AIM OF THE TASK
Set down each entry as it stands. Skip the pictures.

—————

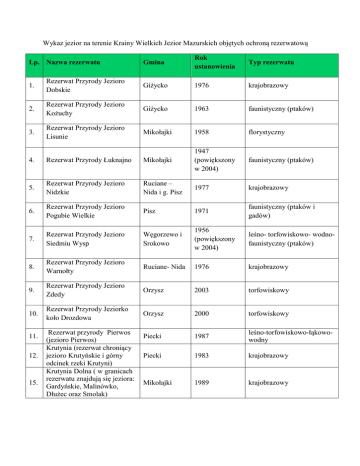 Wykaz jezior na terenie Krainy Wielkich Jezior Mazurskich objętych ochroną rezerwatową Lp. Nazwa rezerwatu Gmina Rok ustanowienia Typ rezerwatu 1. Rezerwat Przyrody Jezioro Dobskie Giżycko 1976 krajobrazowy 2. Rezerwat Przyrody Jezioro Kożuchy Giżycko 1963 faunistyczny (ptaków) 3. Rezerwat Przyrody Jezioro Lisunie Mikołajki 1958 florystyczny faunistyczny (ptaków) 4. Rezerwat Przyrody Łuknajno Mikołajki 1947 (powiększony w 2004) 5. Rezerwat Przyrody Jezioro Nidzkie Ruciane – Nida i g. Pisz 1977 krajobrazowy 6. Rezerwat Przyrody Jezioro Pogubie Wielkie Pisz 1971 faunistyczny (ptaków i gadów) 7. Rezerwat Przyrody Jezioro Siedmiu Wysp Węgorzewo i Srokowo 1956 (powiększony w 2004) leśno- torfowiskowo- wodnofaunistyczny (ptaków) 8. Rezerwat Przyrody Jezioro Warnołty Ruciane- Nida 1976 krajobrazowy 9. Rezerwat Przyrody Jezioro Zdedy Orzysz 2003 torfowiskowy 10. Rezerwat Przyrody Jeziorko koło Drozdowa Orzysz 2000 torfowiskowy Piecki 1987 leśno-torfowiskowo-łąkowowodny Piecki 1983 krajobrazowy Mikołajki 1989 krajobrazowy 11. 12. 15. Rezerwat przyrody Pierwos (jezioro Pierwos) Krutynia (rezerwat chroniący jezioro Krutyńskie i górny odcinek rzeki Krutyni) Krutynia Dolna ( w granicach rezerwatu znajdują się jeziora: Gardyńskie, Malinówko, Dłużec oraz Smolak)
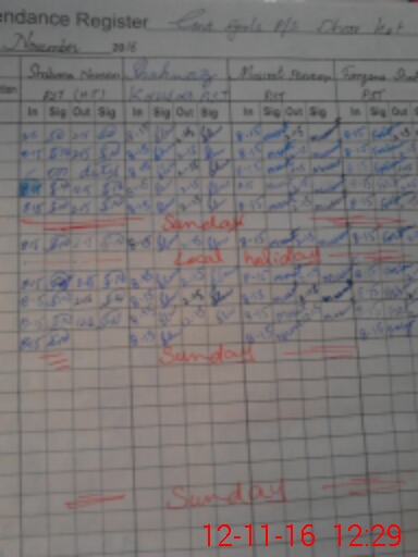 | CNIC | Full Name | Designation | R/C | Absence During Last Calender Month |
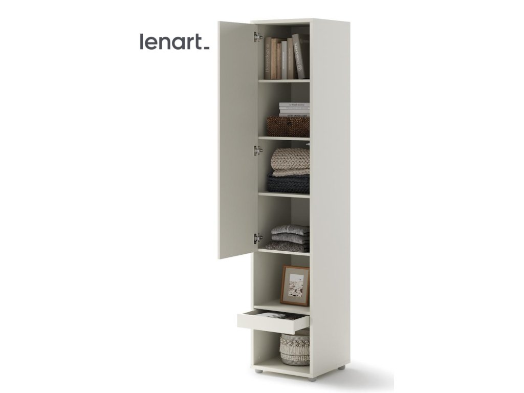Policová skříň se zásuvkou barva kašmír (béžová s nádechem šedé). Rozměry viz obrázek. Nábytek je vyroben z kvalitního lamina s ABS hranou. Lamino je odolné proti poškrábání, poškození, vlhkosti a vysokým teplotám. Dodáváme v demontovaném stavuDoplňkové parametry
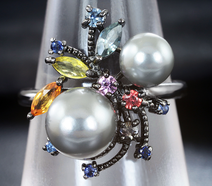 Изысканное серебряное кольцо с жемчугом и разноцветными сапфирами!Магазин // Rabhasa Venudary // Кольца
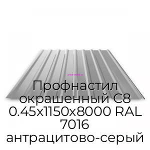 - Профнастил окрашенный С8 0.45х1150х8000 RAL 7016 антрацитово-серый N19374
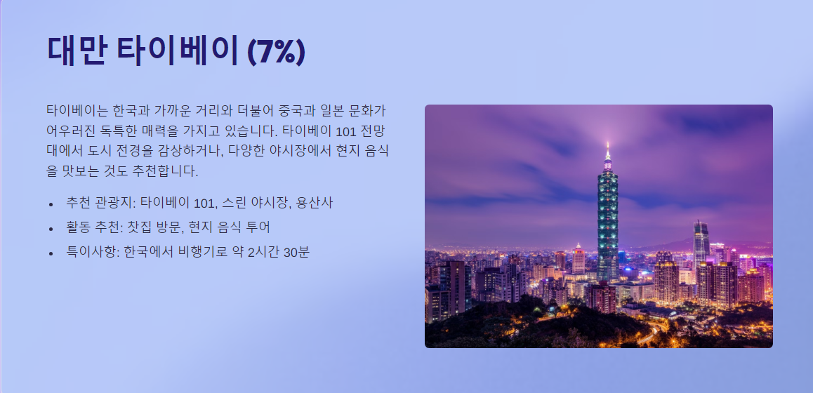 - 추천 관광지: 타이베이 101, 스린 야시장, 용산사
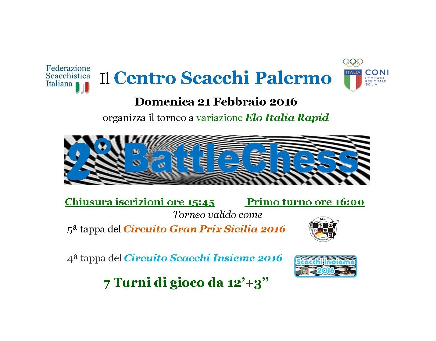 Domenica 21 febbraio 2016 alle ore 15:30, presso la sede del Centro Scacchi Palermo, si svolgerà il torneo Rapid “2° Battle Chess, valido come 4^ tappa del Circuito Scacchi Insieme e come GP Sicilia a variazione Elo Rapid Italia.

—————

TASK RESULT
 Wykaz jezior na terenie Krainy Wielkich Jezior Mazurskich objętych ochroną rezerwatową Lp. Nazwa rezerwatu Gmina Rok ustanowienia Typ rezerwatu 1. Rezerwat Przyrody Jezioro Dobskie Giżycko 1976 krajobrazowy 2. Rezerwat Przyrody Jezioro Kożuchy Giżycko 1963 faunistyczny (ptaków) 3. Rezerwat Przyrody Jezioro Lisunie Mikołajki 1958 florystyczny faunistyczny (ptaków) 4. Rezerwat Przyrody Łuknajno Mikołajki 1947 (powiększony w 2004) 5. Rezerwat Przyrody Jezioro Nidzkie Ruciane – Nida i g. Pisz 1977 krajobrazowy 6. Rezerwat Przyrody Jezioro Pogubie Wielkie Pisz 1971 faunistyczny (ptaków i gadów) 7. Rezerwat Przyrody Jezioro Siedmiu Wysp Węgorzewo i Srokowo 1956 (powiększony w 2004) leśno- torfowiskowo- wodnofaunistyczny (ptaków) 8. Rezerwat Przyrody Jezioro Warnołty Ruciane- Nida 1976 krajobrazowy 9. Rezerwat Przyrody Jezioro Zdedy Orzysz 2003 torfowiskowy 10. Rezerwat Przyrody Jeziorko koło Drozdowa Orzysz 2000 torfowiskowy Piecki 1987 leśno-torfowiskowo-łąkowowodny Piecki 1983 krajobrazowy Mikołajki 1989 krajobrazowy 11. 12. 15. Rezerwat przyrody Pierwos (jezioro Pierwos) Krutynia (rezerwat chroniący jezioro Krutyńskie i górny odcinek rzeki Krutyni) Krutynia Dolna ( w granicach rezerwatu znajdują się jeziora: Gardyńskie, Malinówko, Dłużec oraz Smolak)
 | CNIC | Full Name | Designation | R/C | Absence During Last Calender Month |
Policová skříň se zásuvkou barva kašmír (béžová s nádechem šedé). Rozměry viz obrázek. Nábytek je vyroben z kvalitního lamina s ABS hranou. Lamino je odolné proti poškrábání, poškození, vlhkosti a vysokým teplotám. Dodáváme v demontovaném stavuDoplňkové parametry
 Изысканное серебряное кольцо с жемчугом и разноцветными сапфирами!Магазин // Rabhasa Venudary // Кольца
 - Профнастил окрашенный С8 0.45х1150х8000 RAL 7016 антрацитово-серый N19374
 - 추천 관광지: 타이베이 101, 스린 야시장, 용산사
 Domenica 21 febbraio 2016 alle ore 15:30, presso la sede del Centro Scacchi Palermo, si svolgerà il torneo Rapid “2° Battle Chess, valido come 4^ tappa del Circuito Scacchi Insieme e come GP Sicilia a variazione Elo Rapid Italia.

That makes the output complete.